You'll need a Hugging Face token to access the FineWeb-edu dataset. Get one at huggingface.co/settings/tokens.
Install the Anyscale CLI
pip install -U anyscale
anyscale login
Submit the job
Clone the example from GitHub.
git clone https://github.com/anyscale/examples.git
cd examples/fineweb_dedup
Submit the job.
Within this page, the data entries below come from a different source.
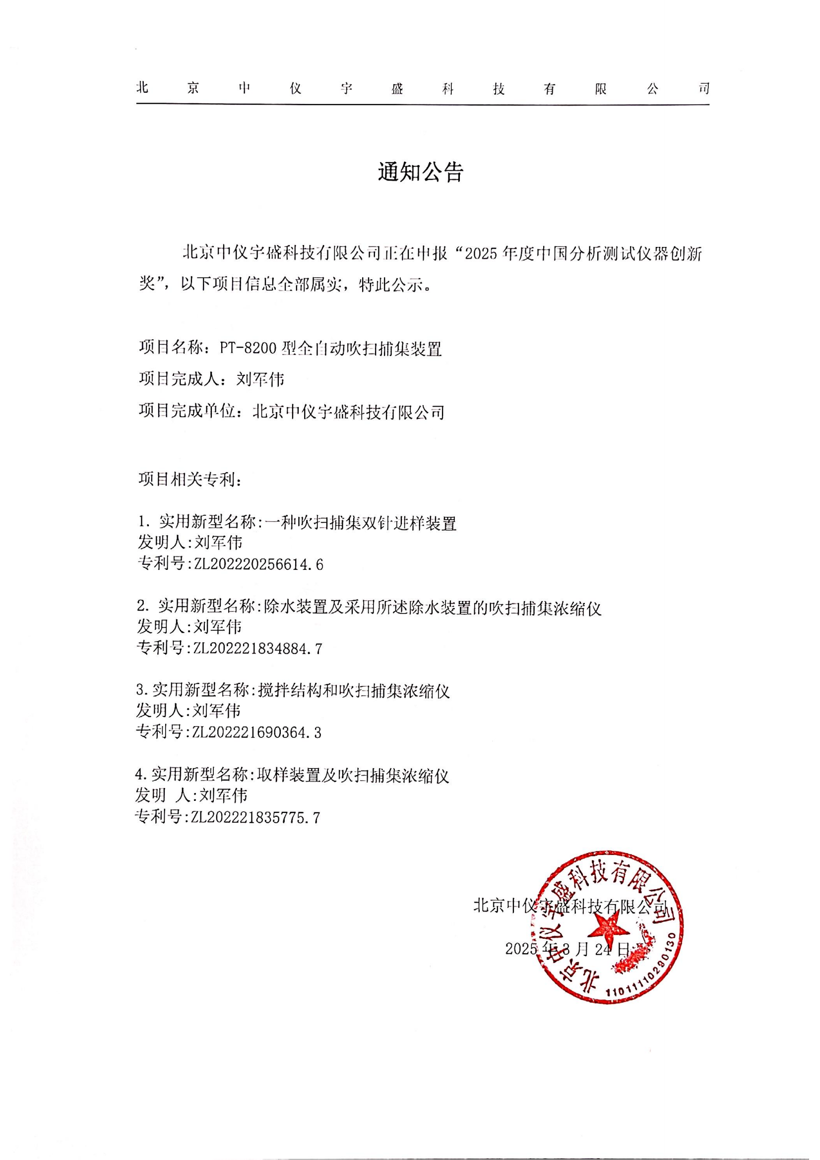 • 關(guān)于北京中儀宇盛申報“2025年度中國分析測試儀器創(chuàng)新獎”的 2025-03-24
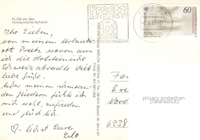 73203466 alte Postkarte Ploen See Schloss Naturpark Holsteinische Schweiz Fliegeraufnahme postalisch gelaufen Erhaltung siehe scans [FriedD77] KatCode: 11110001057057
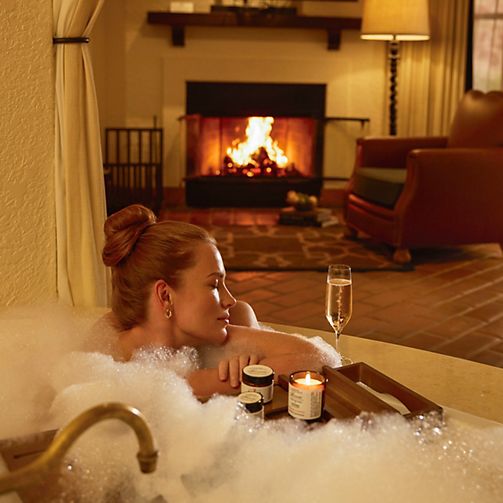 Spacious suite feature charming wood-burning fireplace and sitting area with sofabed. Bathroom with oversized soaking bathtub and separate shower.
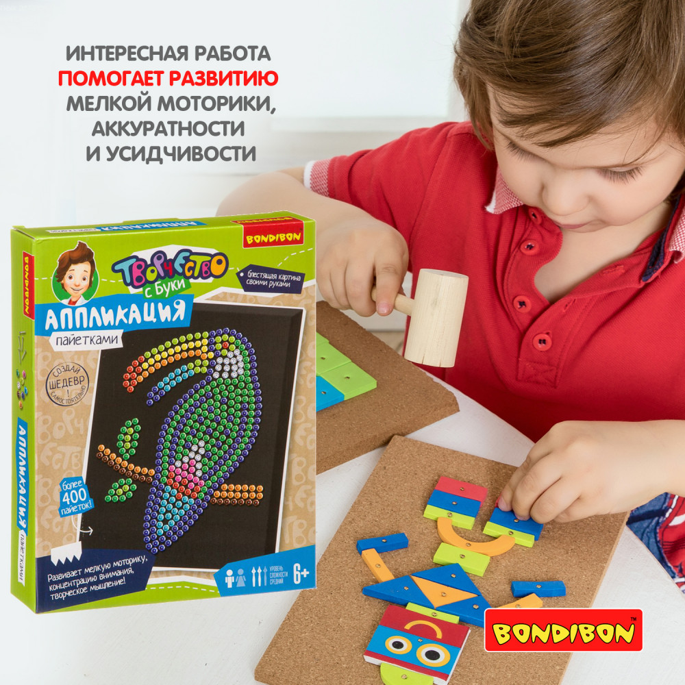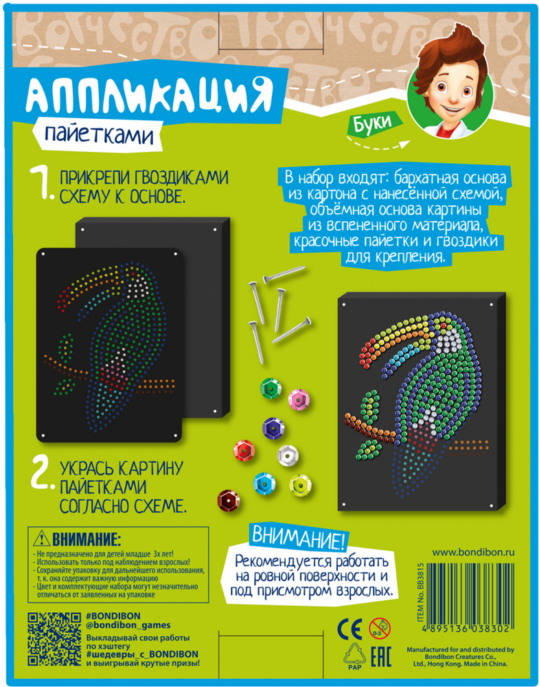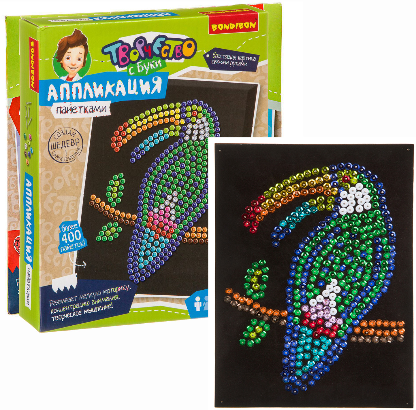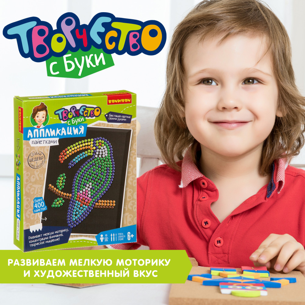 Bondibon Аппликация пайетками «Птица тукан»В данный момент этот товар отсутствует в продаже. Возможно, у нас найдется аналогичный или похожий товар здесь. Серия: Творчество с Луки Аппликация из пайеток — увлекательный и завораживающе красивый вид творчества. Работа с этим набором поможет развить мелкую моторику, концентрацию внимания и творческое мышление. По итогу Вы получите очень красивую картину с изображением сверкающей экзотической птицы тукан, а также море хорошего настроения и творческого вдохновения! |

Use --env to forward your Hugging Face token to authenticate with Hugging Face.
anyscale job submit -f job.yaml --env HF_TOKEN=$HF_TOKEN
Results will be written to parquet files under /mnt/shared_storage/fineweb_processed/{RANDOM_VALUE}/.
Understanding the example
- The pipeline performs three main stages on the text data:
- Text Cleaning: Remove HTML tags, links, emails, normalize whitespace, and fix unicode characters.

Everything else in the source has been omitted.